WKInterfaceTimer and WKInterfaceDate Don't Support Milliseconds (rdar://19024387)
The default WLKInterfaceTimer class does not have an option to display milliseconds in the label for the given date as either a count down or count up timer. It also doesn't support a custom date format string, so the option to add this information isn't there.
The WKInterfaceDate actually does support a custom date format string, so supplying a format string that includes milliseconds actually is an option. However, when you supply milliseconds to the format string, the millisecond value is not updated.

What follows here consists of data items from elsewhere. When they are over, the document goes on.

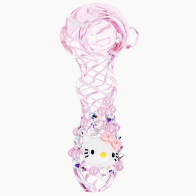 The Greetings Kitty Glass Spoon Pipe is made from transparent pink borosilicate glass with white stripes swirling around the body. The lower stem is decorated with a cartoon cat's face surrounded by metallic jewels and pink pearls. A carb hole is built into the left side of this pipe. Measures 4 inches (10.2cm) long.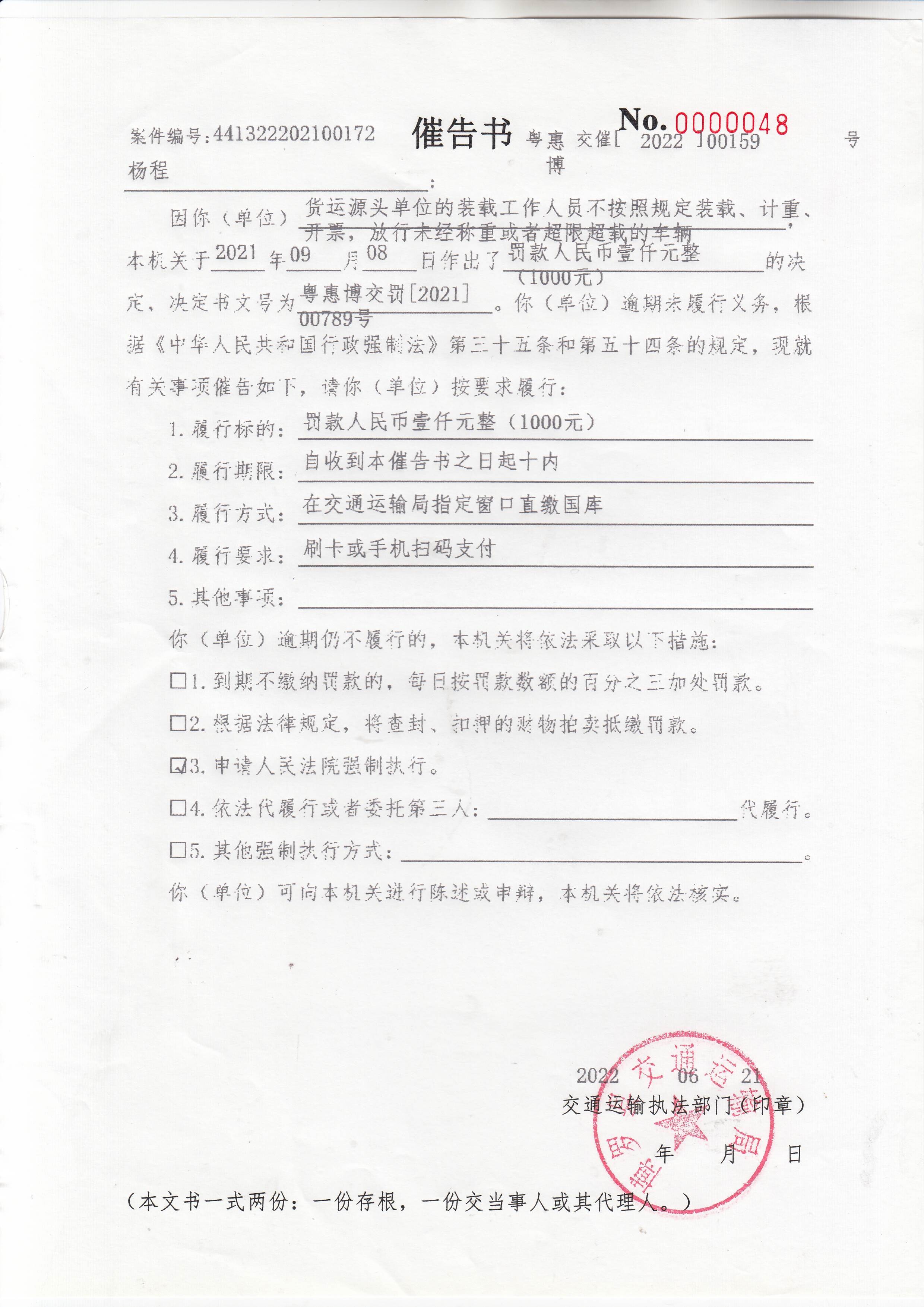 一、佛山市顺德区城信机械租赁有限公司的司磅员杨程不按照规定放行超限超载车辆案,本机关于2021年09月08日作出了罚款人民币壹仟元整(1000元)的决定,决定书文号为:惠博交罚[2021]00789号),但你在本机关决定的期限内不履行义务。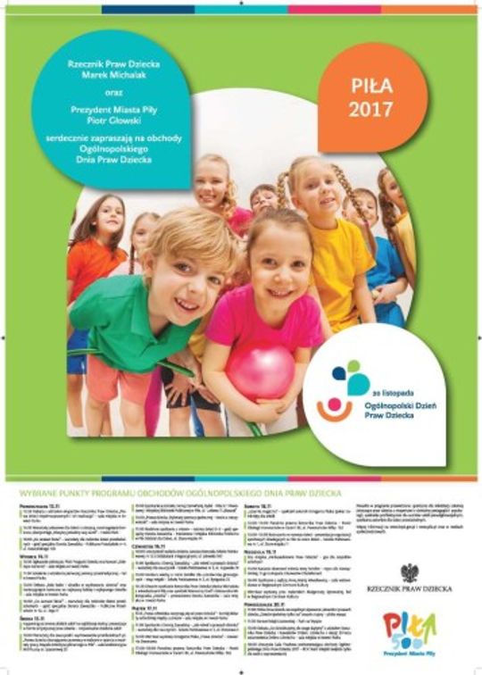• 10:00 Happening na terenie pilskich szkół i w najbliższej okolicy: prezentacje w formie artystycznej praw dziecka – każda szkoła w dowolnej formie,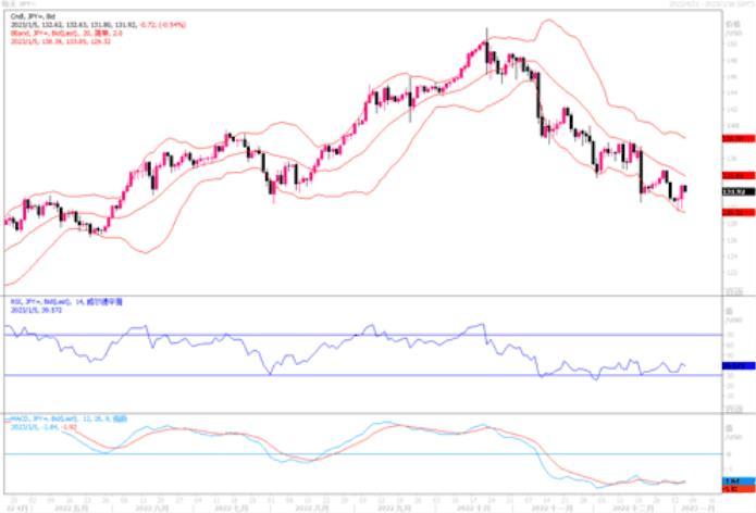 周三(1月5日)美元指数下跌,欧元兑美元上涨0.53%,收盘在1.0604,盘中最好触及1.0635。当天美国联邦储备理事会12月的会议记录没有就2月预期加息规模提供惊喜或新信息。纪要内容主要显示,美联储上个月加息50个基点,美联储官员同意放慢加息步伐,将使他们能够继续增加信贷成本,以渐进的方式控制通胀,旨在限制经济增长的风险。联邦基金利率期货交易员认为美联储2月份继续放缓加息步伐至25个基点的可能性为67%。美元的回软,暂时挽住了前个交易日大跌欧元的跌势。仅从日线图上观察,欧元兑美元汇价暂时还是徘徊于布林带中轨1.06附近,但技术指标还是未能解除向下行的趋向。若本周五美国非农数据强劲,还是要慎防欧元兑美元作进一步向下测试的走向趋势风险。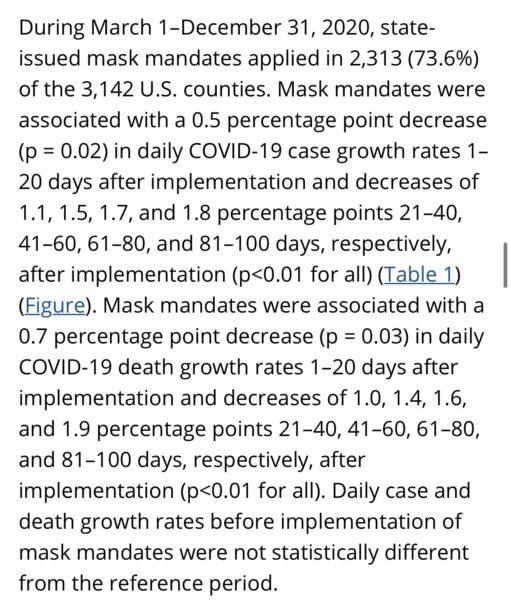Erst neulich hat die CDC bekanntgegeben, dass Gesichtsmasken kein signifikantes Vermögen aufwiesen um der Covid-Wachstumsrate Herr zu werden. Genau genommen sollen die Corona-Nikabs vom 1.März -31.Dezember 2020, nach den ersten 20 Tagen, die Wachstumsraten in den USA um mickrige 0,5% nach unten gedrückt haben. Nach 100 Tagen habe sich dieser Wert auf läppische 1,8% belaufen, so die CDC.

The WKInterfaceDate control's internal timer seems to be firing once per second, which means it can't update the label's contents on a millisecond basis anyway.
I'd really like to see millisecond support because it creates a more accurate and better overall experience for runners to gauge their speed and run duration. It's also just a better visual experience to feel like the watch is actually working if the user can see milliseconds counting up. Without that, it feels like the watch is running slow, or that the user is running slow. I do understand the power tradeoffs involved with timers firing at shorter intervals to make this possible, and I know it's not ideal, but some support for it in at least a limited fashion would be nice to have.
I'll be experimenting more with WatchKit over the next few weeks. I fully intend to do my best to ship a compelling Apple Watch app for Runtime when it's released. However, issues like this do show that it's still only the beginning stages of what we can do on the watch. I expect that we'll have more freedom and flexibility over time. My hope is that we'll get just a little bit more of that before the Watch is released, so that we can deliver really compelling experiences to users.